**Required action**. Drop the pictures and repeat exactly from the "zestaw narzędzi stomatologicznych" line down to the last line of the entries below.
[[ Task input open ]]
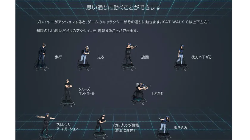 歩行はもちろん、走る、横移動、広報移動、KATWALKCは頭と体の角度を別々に計測してくれるので、まっすぐ走りながら走りながらよそ見も出来ます。
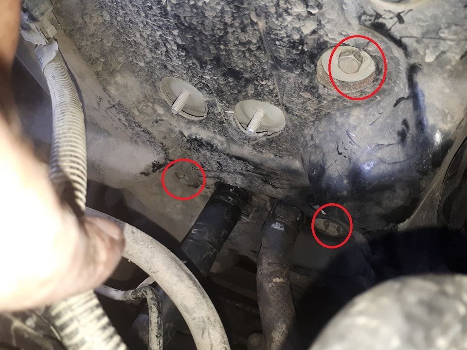 3. Снимаем защиту картера, сливаем остатки антифриза с основного радиатора. Затем снимаем патрубки с печки, сольется еще немного.
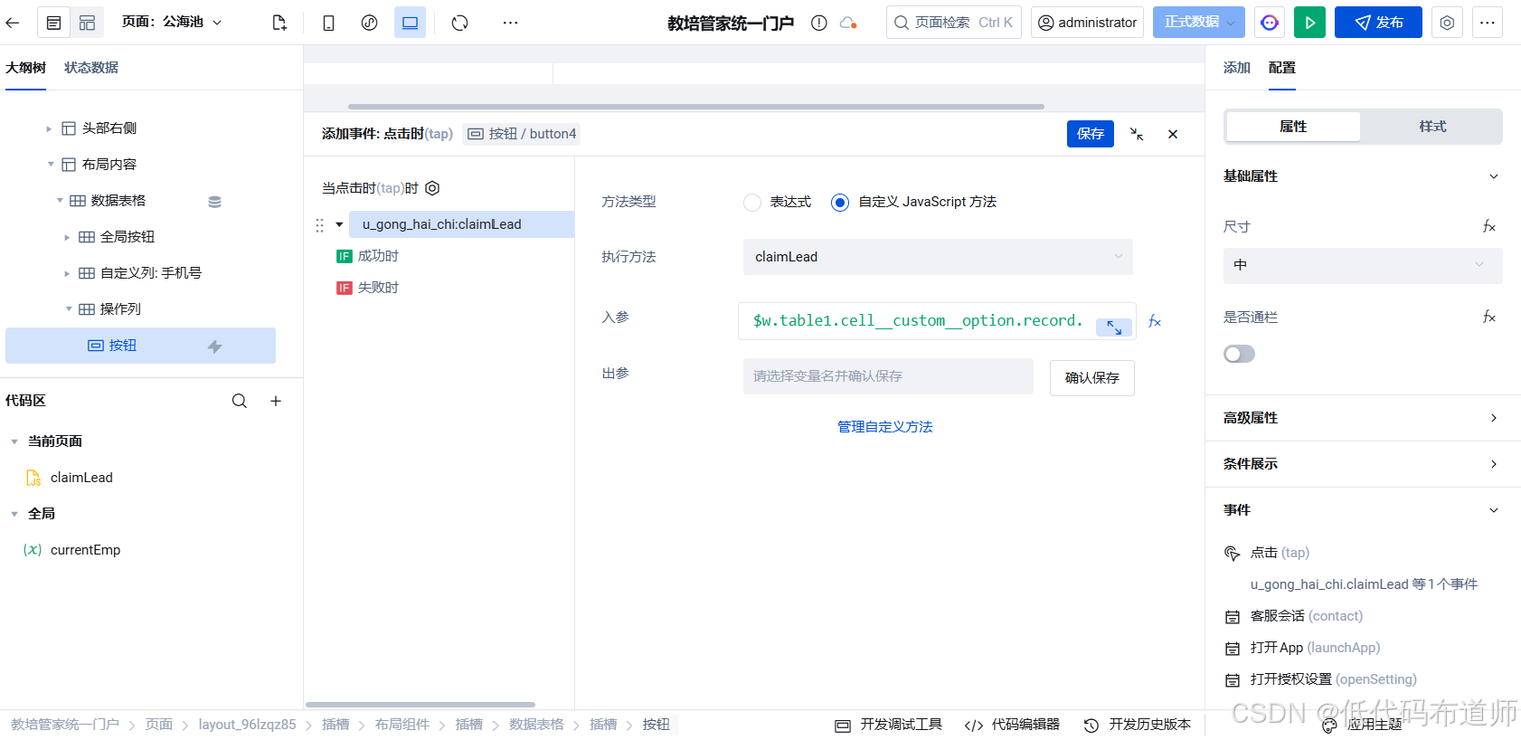 回到公海池页面,给"抢单"按钮绑定点击事件:
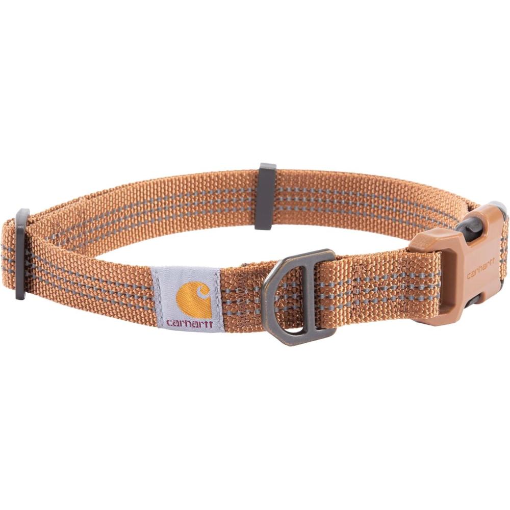 Many dogs wear the same collar day in and day out, so this adjustable collar is made for the long-lasting durability and comfort that Carhartt's built their name on. It has a rugged 600-denier construction, with a strong metal D-ring and reflective details. An adjustable side-release buckle keeps the fit secure and allows for easy on and off.
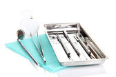 zestaw narzędzi stomatologicznych z protezy na niebieskim tle
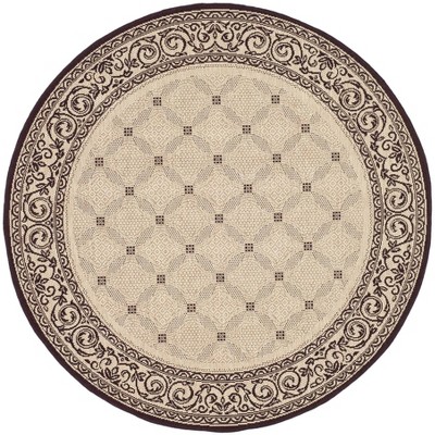 Courtyard CY2996 UV & Stain Resistant Non-Shedding Power Loomed Indoor/Outdoor Area Rug - Sand/Black - 6'7" Round - Safavieh
[[ Task input closed ]]
**Exercise solution**.
 zestaw narzędzi stomatologicznych z protezy na niebieskim tle
 Courtyard CY2996 UV & Stain Resistant Non-Shedding Power Loomed Indoor/Outdoor Area Rug - Sand/Black - 6'7" Round - Safavieh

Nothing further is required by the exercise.